His film truly looks like a man playing with a bunch of boys on the field.
He bounces off tackles and uses a spin move often and well. He also flashes the ability to make a quick cut and hit the hole hard to break away. One of his biggest strengths is his balance as he runs. It allows him to break tackles and makes shiftier moves.
Scott is a very tough runner to bring down and is rarely brought down by first contact. Once he is brought down, he generally falls forward for more yardage as a result of being a bulldozer and finding extra yards.
At 6-foot-2, 230 pounds, Scott still shows the speed to outrun defenders downfield at the high school level once he gets the window to break open.

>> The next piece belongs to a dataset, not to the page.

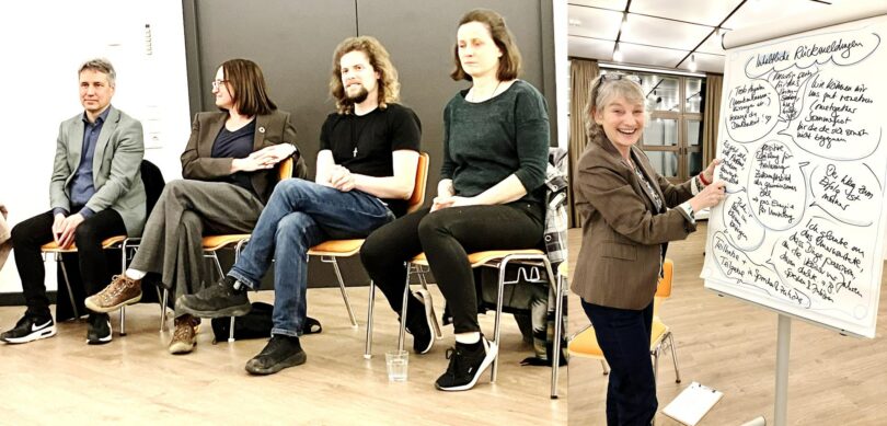 Das Gesprächsformat „Sprechen und Zuhören“ wurde vom Verein „Mehr Demokratie“ entwickelt, der vor über 30 Jahren in Bayern gegründet wurde und heute bundesweit mehr als 11.000 Mitglieder zählt. Moderatorinnen des Abends waren Kristina Henry und Barbara Leider aus München. Sie erklärten den Teilnehmenden das besondere Prinzip: In kleinen Gruppen spricht jede Person nacheinander vier Minuten über eine persönliche Frage zum Thema, ohne unterbrochen zu werden. Die anderen hören lediglich zu, ohne zu kommentieren oder zu bewerten.

The bad: The Le’Veon Bell comparisons are warranted, naturally, but Bell was used often as a fifth receiver in his sophomore year. As for Scott, there is not much showing what he can do in the passing game for Hubbard. Likewise, as is the case with any high school running back film, it is impossible to tell how willing and talented he is when it comes to blocking.
Blocking is the biggest learning curve for any running back entering college, so how Scott adapts and picks up blocking schemes will dictate his early impact.
There are some plays on his highlights where he carries the ball away from his body, generally as he looks to make a cut.